The figures show the results of the DNS of a turbulent round jet without co-flow. A cross section of the velocity magnitude and the passive scalar concentration of the DNS can be observed in Figure 1. The highly accurate data generated by the DNS allows us to validate the scaling laws that have been derived. The jet scaling laws predict that all the higher moments can be calculated from the exponent of the first and second moment. Figure 2 shows that the exponents of the third up to the tenth moment indeed show great agreement with the theory. The scaling laws of the passive scalar show a similar result in Figure 3.

The large-scale simulations are currently conducted on SuperMUC-NG. The highly resolved data generated by the simulations enables us to investigate self-similar behavior up to an axial distance of 75 diameters from the inlet nozzle. The Nek5000 code allows us to efficiently run the simulation on 512 nodes in parallel. When the high moment statistics of the co-flow DNS are converged, we will also hope to validate the scaling laws of co-flow jets derived with Lie symmetry analysis. Currently, both DNS are still running to extract statistics for the turbulent budgets. As soon as the turbulent round jet with and without co-flow are better understood, the research is planned to be extended onto different inlet conditions where we expect a higher influence of certain parameters in the scaling laws.
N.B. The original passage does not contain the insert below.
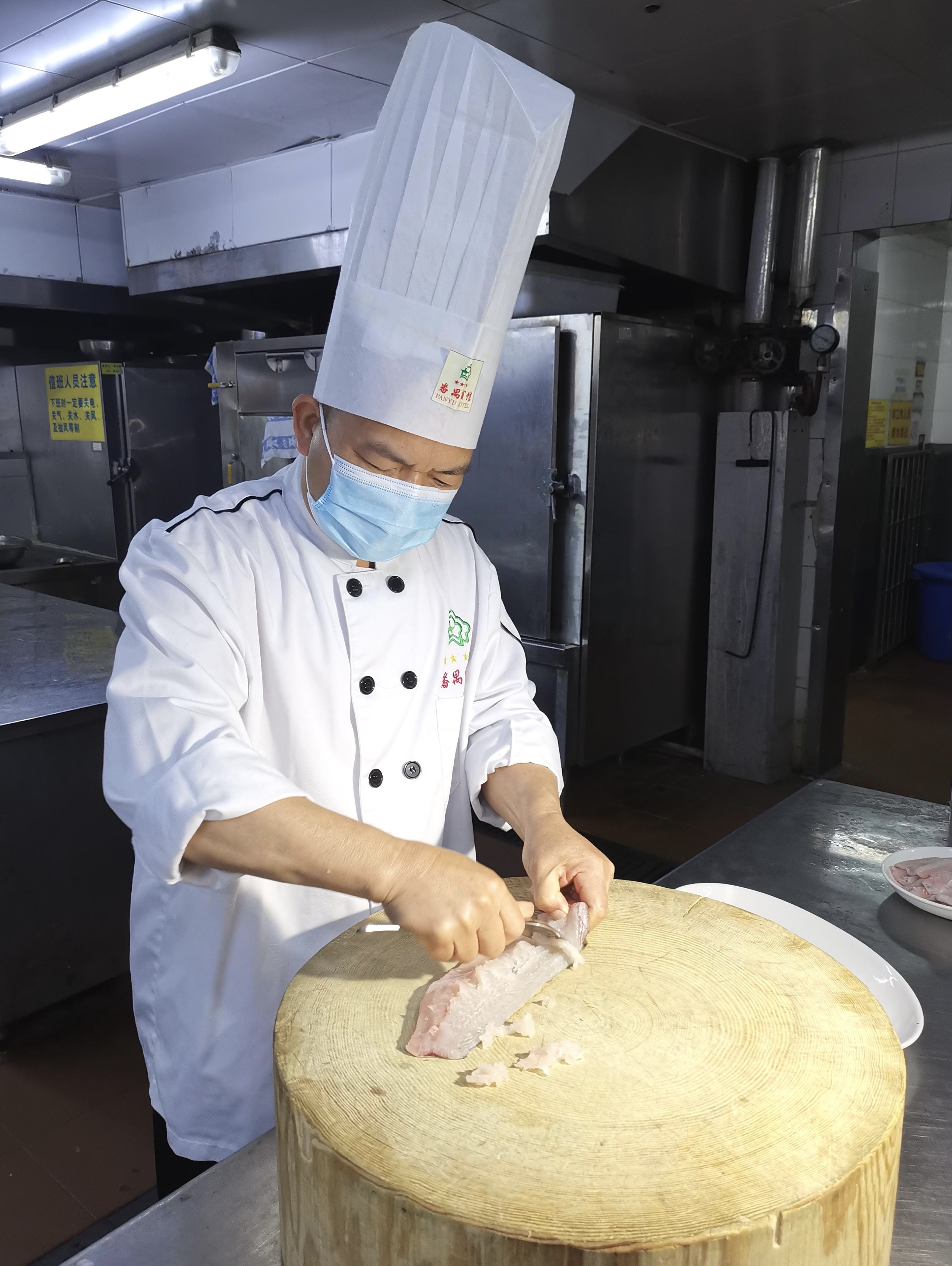 番禺宾馆点心部部长蔡伟欢有着30多年的点心制作经验,捞鱼、去皮、起骨、刮茸,整套动作如行云流水、麻利干练。

[2] Hoyas, Sergio, Oberlack, Martin, Alcántara-Ávila, Francisco, Kraheberger, Stefanie V. & Laux, Jonathan 2022 Wall turbulence at high friction Reynolds numbers. Phys. Rev. Fluids 7, 014602.

[3] Oberlack, Martin, Hoyas, Sergio, Kraheberger, Stefanie V., Alcántara-Ávila, Francisco, & Laux, Jonathan 2022 Turbulence Statistics of Arbitrary Moments of Wall-Bounded Shear Flows: A Symmetry Approach. Phys. Rev. Lett. 128, 024502.